Sistémico


La terapia sistémica se centra en las relaciones, es decir, en cómo las personas se relacionan entre sí y con ellas mismas, cómo las ideas que tienen sobre otras personas y sobre sí mismas influyen en lo que dicen y hacen, y cómo podrían encontrar formas de actuar de manera diferente.


Este tipo de terapia se enfoca en comprender y reconocer patrones malsanos en la dinámica de las relaciones para que puedan ser alterados dentro de los sistemas existentes, en lugar de examinar los orígenes de esos patrones. Esta terapia no es directiva, sino que las personas aprenden a reconocer patrones por sí mismos, con el apoyo del terapeuta.

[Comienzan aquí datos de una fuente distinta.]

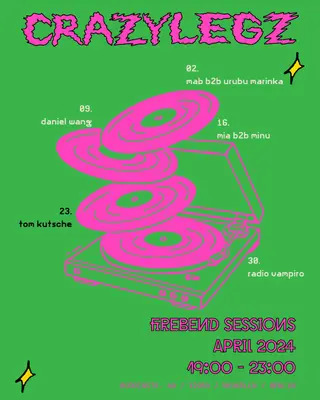 fireabend on April 23, 2026 at Crazylegz, Berlin features Selector X, Boogie and BERLIN performing house DJ sets.
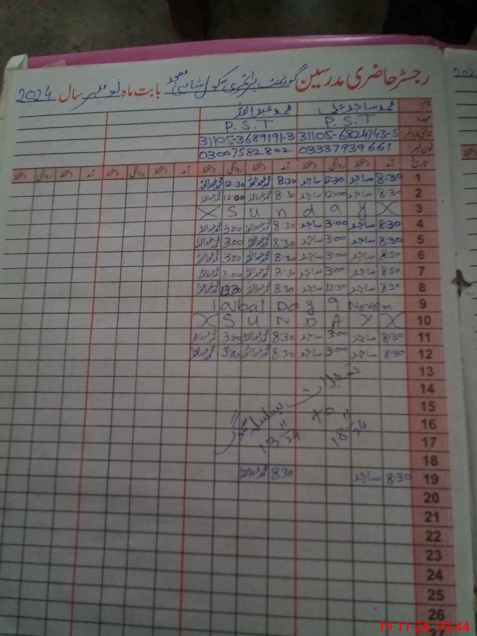| Name: Mu**** Sa**** Al**** Designation: (School Headmaster's/Headmistress's) PST Phone/Cell Number: 03**** |
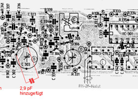 Wenn es an notwendiger Kreis-Kapazität im Oszillatorkreis für die Einstellung (= Verringerung) der Oszillatorfrequenz fehlt und der Trimmkondensator in Ordnung ist, kommen noch die Kapazitätsdiode (Varicap) D302 (BB104 BL bzw. BB204 BL) und der Kreiskerko C302 als evtl. fehlerhaft infrage.
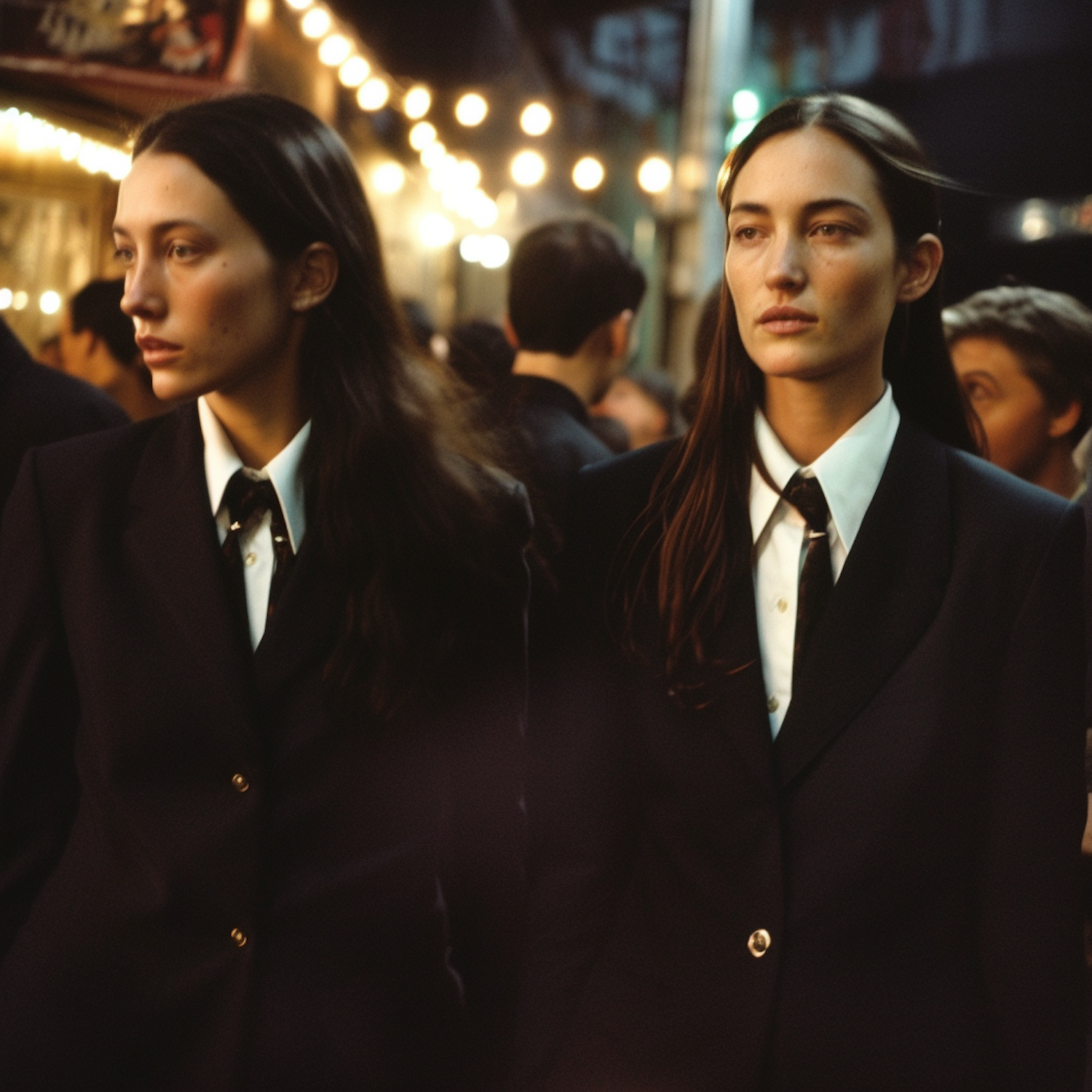 Two individuals in formal suits walk through a lively, warmly lit urban setting, creating a striking contrast with their serious expressions.
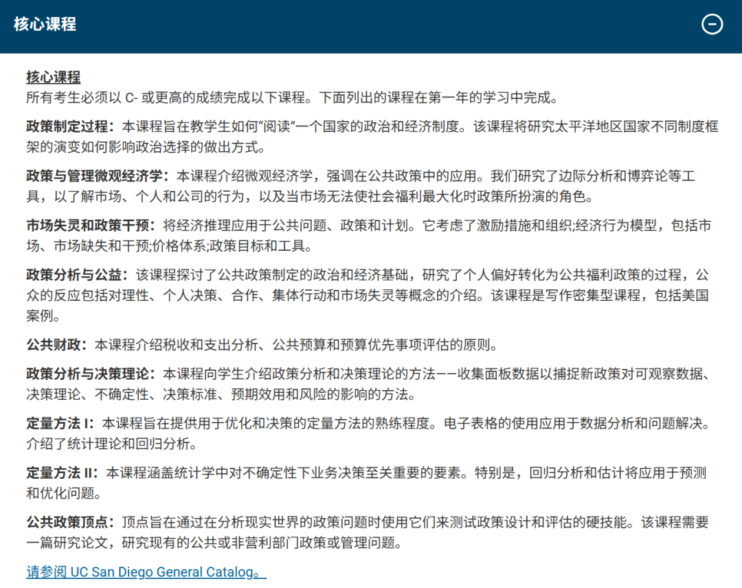 此外,UCSD在全球最佳大學(xué)中排名第21,全美最佳國(guó)立大學(xué)排名第29,全美頂尖公立大學(xué)排名第6。MPP是一個(gè)嚴(yán)格、專注、以技能為導(dǎo)向的項(xiàng)目,旨在培養(yǎng)從事政策分析職業(yè)的學(xué)生,適合那些想要分析公共問(wèn)題并提出改進(jìn)建議的學(xué)生。

La terapia sistémica busca identificar patrones profundamente arraigados dentro de las relaciones de un individuo y también con miembros de la familia. El proceso ayuda a descubrir las formas en que los miembros se comunican y se comportan dentro de un sistema, según las creencias acerca de sus respectivos roles.


La terapia sistémica invita a las personas a crecer en la conciencia de su propia capacidad de relacionarse de manera diferente, a ver la vida desde un punto de vista más positivo y a moverse con confianza hacia formas alternativas de hacer las cosas. Esto ayuda a garantizar que a medida que avanzan hacia el futuro, se llevan consigo mejores habilidades en sus relaciones y un mayor sentido de confianza en sí mismos en su capacidad para manejar situaciones difíciles.


La terapia sistémica es muy útil para trabajar con muchos de los problemas que pueden ocurrir en las familias, ya sean parejas, padres e hijos, o niños entre ellos.